VINO CONSIGLIATO: Un bianco tipo Martina oppure un Rosato del Salento.

Clean the mussels of their beards and any loose incrustations under running water, then put them into a pot. Throw out any that are opened. When they are all cleaned, fill the pot with cold water and stir them with a wooden spoon for a few minutes. Then drain off that water and refill the pot and do it again. Pour them into a strainer and let them drain This is to get rid of sand, so if you buy cultured/farmed mussels, you may not need to do this.

Use boiling hot water to loosen the tomato peels, and then peel them. Cut them into small pieces.

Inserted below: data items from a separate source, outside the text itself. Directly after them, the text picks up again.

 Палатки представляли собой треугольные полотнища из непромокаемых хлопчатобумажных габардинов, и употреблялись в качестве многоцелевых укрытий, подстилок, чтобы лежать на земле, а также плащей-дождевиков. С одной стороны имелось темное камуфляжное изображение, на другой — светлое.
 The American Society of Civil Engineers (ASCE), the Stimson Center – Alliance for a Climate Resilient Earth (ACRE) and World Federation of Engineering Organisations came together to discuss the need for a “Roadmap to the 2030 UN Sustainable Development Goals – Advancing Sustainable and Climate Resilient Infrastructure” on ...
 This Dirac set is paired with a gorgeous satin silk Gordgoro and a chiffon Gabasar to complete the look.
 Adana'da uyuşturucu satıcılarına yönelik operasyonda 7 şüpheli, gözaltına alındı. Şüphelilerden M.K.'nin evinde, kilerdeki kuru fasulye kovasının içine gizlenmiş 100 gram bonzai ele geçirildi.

Clean and peel as needed all the vegetables. Chop the vegetables medium finely—a food processor will do if you pulse it. Heat the oil in a very large pan and turn the chopped vegetables into it over a low flame. Allow to soften, but do not brown. Turn the mussels into that pot and immediately cover them. After a minute, uncover and stir the mussels and add the white wine. Recover the pot and continue to cook until all the mussels are opened. Add the tomato pieces and the whole chili and continue to cook it for about 3 minutes.

What's going in there

In the meantime, cook the pasta or toast/grill the slices of bread. At the end of the cooking of the mussels, remove the chili pepper and turn the mussels into a large serving bowl—which contains the cooked pasta if you are using it—then scatter chopped parsley over it and then grind abundant quantities of black pepper over it all. It takes lots and lots of pepper– more than you think is wise. There should be the perfume of pepper and a definite taste of pepper to be right.

The finished dish

If you do not use pasta, garnish the bowl of mussels with the slices of grilled bread which have been drizzled with great olive oil.

Leftovers?

The wine suggested with this dish is a white similar to Martina or a rosé of Salento. We drank the rosé and it was terrific! Crisp and dry with a spicy, berryish nose and pretty, too.